Issues with batch norm

Hello! I am having some issues on using batch norm. I am in the beginning of building my NN so for now I am using 100 samples for training and I want to overfit to it, just to make sure that the network can learn. The input and output are bout 1500 each.
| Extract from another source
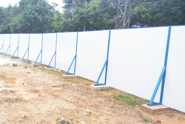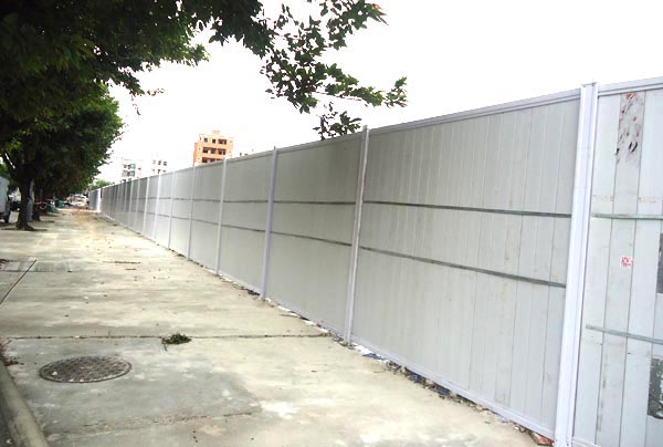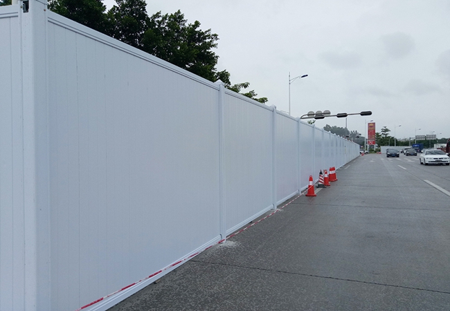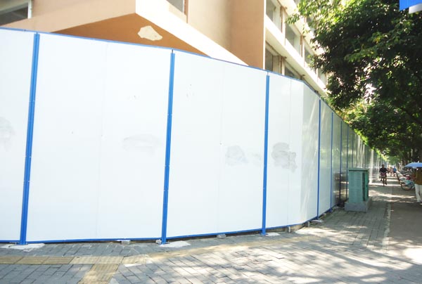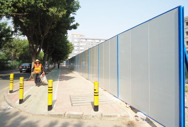 施工圍擋用白色彩鋼板作墻體,用藍色雙拼C型鋼作立柱,立柱頂部配藍色造型端蓋(可裝路燈),圍墻四周用藍色彩鋼框邊。高矮、大小、色澤一致。臟污后隨時可用水清洗擦拭。

Here is my network:

class GW_NN(nn.Module):
    def __init__(self):
        super().__init__()
        self.linear1 = nn.Linear(n_inp, 2000)
        self.linear2 = nn.Linear(2000, 2000)
        self.linear3 = nn.Linear(2000, 2000)
        self.linear4 = nn.Linear(2000, 2000)
        self.linear5 = nn.Linear(2000,n_out)
        self.bn = nn.BatchNorm1d(2000)
            
    def forward(self, x):
        x = F.softplus(self.bn(self.linear1(x)))
        x = F.softplus(self.bn(self.linear2(x)))
        x = F.softplus(self.bn(self.linear3(x)))
        x = F.softplus(self.bn(self.linear4(x)))
        x = self.linear5(x) 
        return x

model_gw = GW_NN().cuda()

lrs = 1e-2
optimizer_gw = optim.Adam(model_gw.parameters(), lr = lrs)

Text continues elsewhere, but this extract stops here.